Other Types of Mutual Funds That Invest In Multiple Sectors

Money Market Funds

A conservative and short term allocation of funds that yield moderate returns but the funds emphasize on preservation of capital.

Balanced and Growth Funds

A relatively aggressive fund that focuses on higher returns and capital appreciation. Another important feature of this type of funds is they are highly diversified reducing market risks

Index Funds

Goal of index funds is to match the market performance by investing on index heavy weights. This can be a bond index fund or a stock index fund. For the latter type Dow Jones is an example and they follow the 30 stock index. Low expenses are the advantage.

Combination Funds

There are a number of combination funds available in the market. For income you have income funds that invest in mainly government bonds and some times in private sector debt instruments too. These are also called as bond mutual funds. The aim of such funds is to provide a guaranteed regular income to investors. The values of units/shares are determined by the fluctuating rates of interest. Higher the rate of interest on the bond instruments higher is the price of shares. There is a whole host of options in the category with multiple combinations to choose from.

Pure Stock Funds

The main type of funds under this category are aggressive ones and the first concentrates on growth by investing in such companies that have potential to an explosive growth. You should not forget that other side of high growth potential is high risk element. These funds do not usually pay dividends at all. Buying them is at your risk of going bankrupt of the entire fund. The other types include, funds invested in large caps stocks, mid stocks where in their share value is stable or the fluctuation is minor.

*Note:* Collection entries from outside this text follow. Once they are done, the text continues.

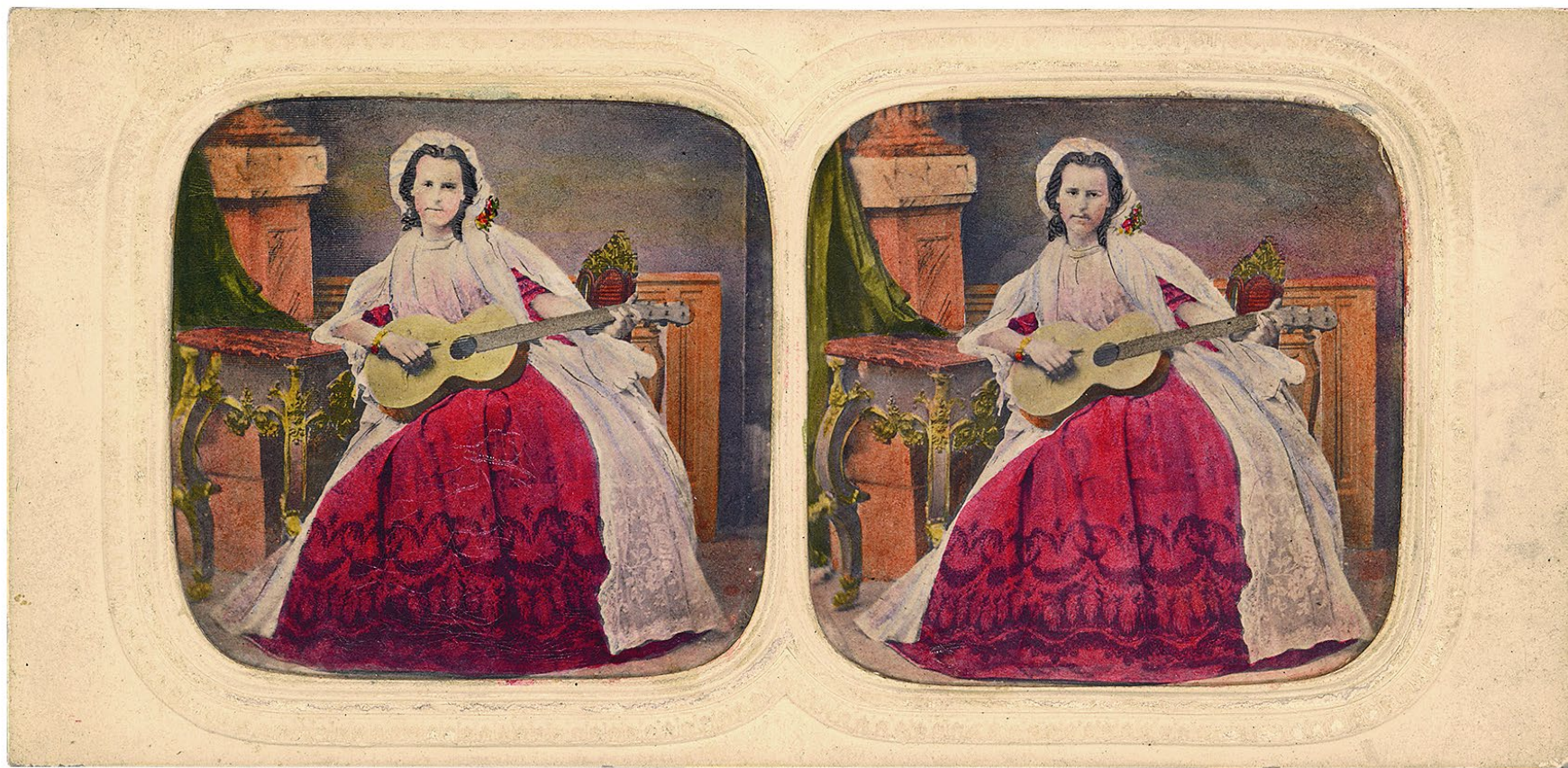
Schwestka Studio, 1859 / 1960, portrait of actress Floriana Jaich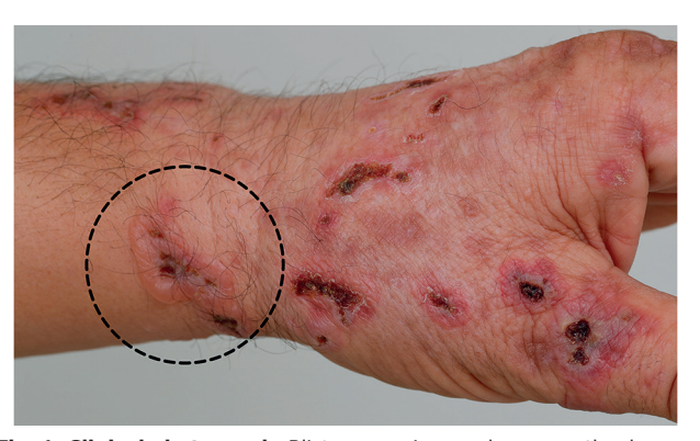
\textbf{Fig. 1. Clinical photograph.} \ \ \textbf{Blisters, erosions and scars on the dorsum of the hands and forearms. Circled: bulging blister.}

Histology revealed superficial, perivascular, eosinophil and neutrophil dermatitis with subepidermal blistering. Perilesional direct immunofluorescence staining showed deposition of C3c (Fig. 2) and IgG at the dermo–epidermal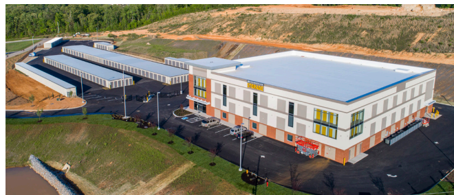
BETCO multistory installation: Knoxville, TN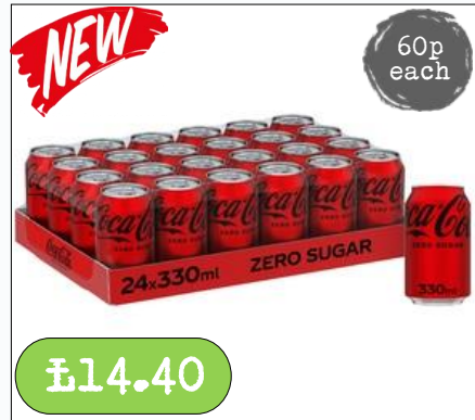
Zero Coke- 24 x 330ml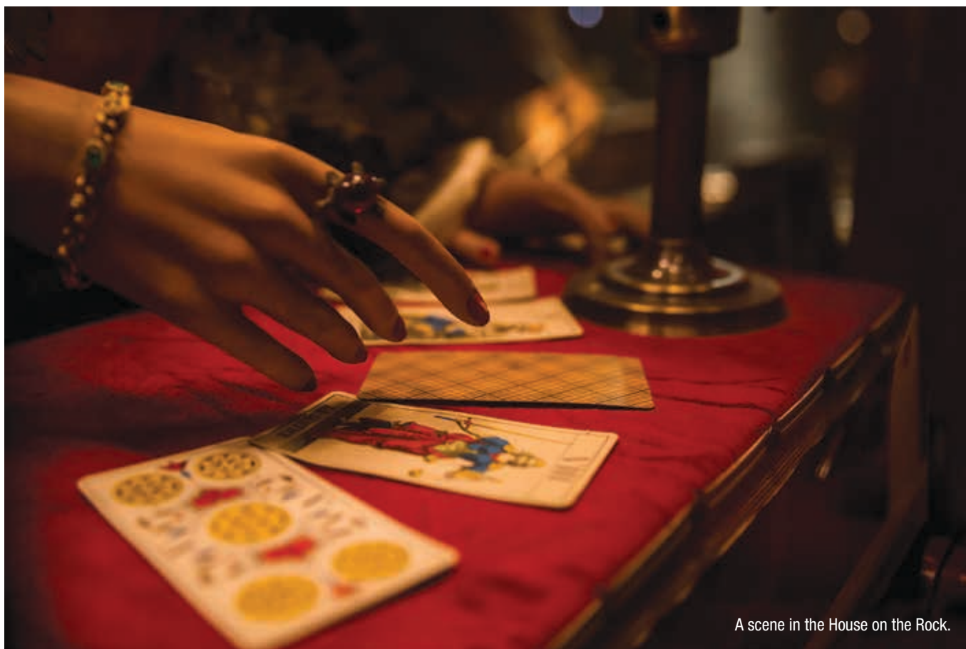
A scene in the House on the Rock.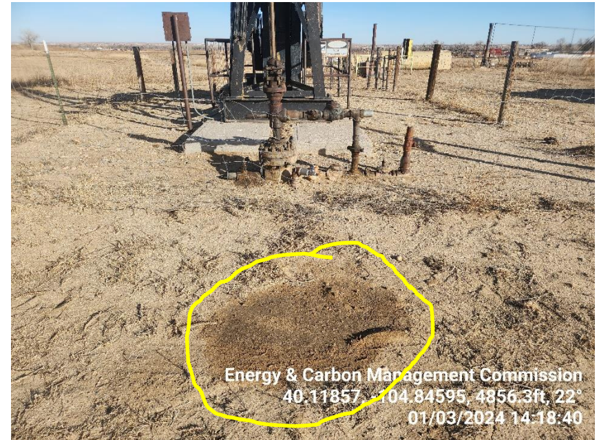
Photo 4 Stained soil to the west of the WH.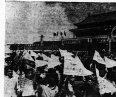
1,500,000 armymen and civilians held a massive demonstration in Peking on May 21, firmly supporting the great leader Chairman Mao's solemn statement in support of the world's struggle against U.S. imperialism. During the demonstration they indignantly denounced U.S. imperialism for its crime of waging the war of aggression in Indo-China.

In Europe, the leading newspapers of the People's Republic of Albania, beacon of proletarianism in Europe, immediately published editorials hailing the solemn statement and their part in carrying the anti-imperialist struggle through to the end. In France, Chairman Mao's solemn statement was read to a mass and got a warm welcome. In Ireland, the Irish Communist Movement (Marxist-Leninist) and the statement with great revolutionary feeling, revolutionary youth and students received it in Britain, various progressive workers, students and revolutionaries from Asia, Africa and groups of Greek workers hailed the solemn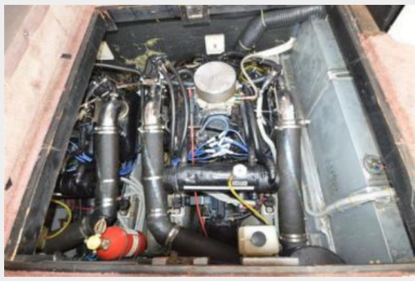
345 Sea Ray Sedan Bridge, 2009 big block 385hp FWC engines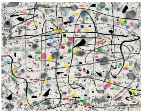
Figure 1 Shi Tiesheng's "Me and the Temple of Earth" by Wu Guanzhong, illustrated by Hunan Literature and Art Publishing House/2016-10.

reveals that the correspondence between images and texts is sometimes not consistent, especially in literary illustrations and even in some serious science popularization illustrations. The success or failure of narrative often does not depend on whether its realistic techniques are superb, but on whether the ideas it carries out are clever, whether the content it expresses can be accepted by people, and whether it is rich. In other words, a complete narrative is not the fundamental purpose of realistic painting, but only one of the reasons for receiving applause.[3] Just like narrative is to painting, illustrators seem never satisfied with the literal translation of the text in the "A to A" style. Illustrated works often contain the artist's subjective understanding of the text and the involuntary integration of personal artistic style. The artists' performance in image creation after interpreting texts is particularly evident in the field of literary illustration. Wu Guanzhong clearly integrated his unique style of painting language into the illustration creation of Shi Tiesheng's lyrical prose "Me and the Altar of Earth" ("Figure 1").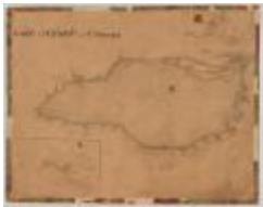
Map of Lake Ontario or Cataraqui, ca. 1800 (NYSA_A0273-78_896)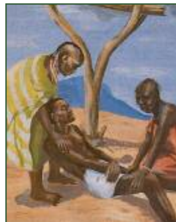
13 Jesus is taken down from the cross

On the flip side the dividends paid by such companies are not usually attractive.

Growth Funds and Growth and Income Funds

Growth funds concentrate on bigger growth potential but keeping an eye on the dividend income too. The asset allocation in growth funds is spread on both but with skewness in favor of instruments of high returns. Certain safety factors are in built in to the allocation mechanism here. This is recommendable depending on your risk exposure limit. On the other hand growth and income funds emphasize more on appreciation of the capital employed and dividend income than investing in high growth companies. This is recommendable when your objective is not high returns in a short term but a steady income and a growth in the principle over a period of time.

Load and No-Load Funds

Some funds charge you fees called as loads to cover their expenses to manage your asset/investment. These loads appear to be small but work out to be a very high amount over a long period. Certain funds do charge fees even while claiming they are no load funds. It is important to check out the repercussions of this on your returns after deduction of tax and fees.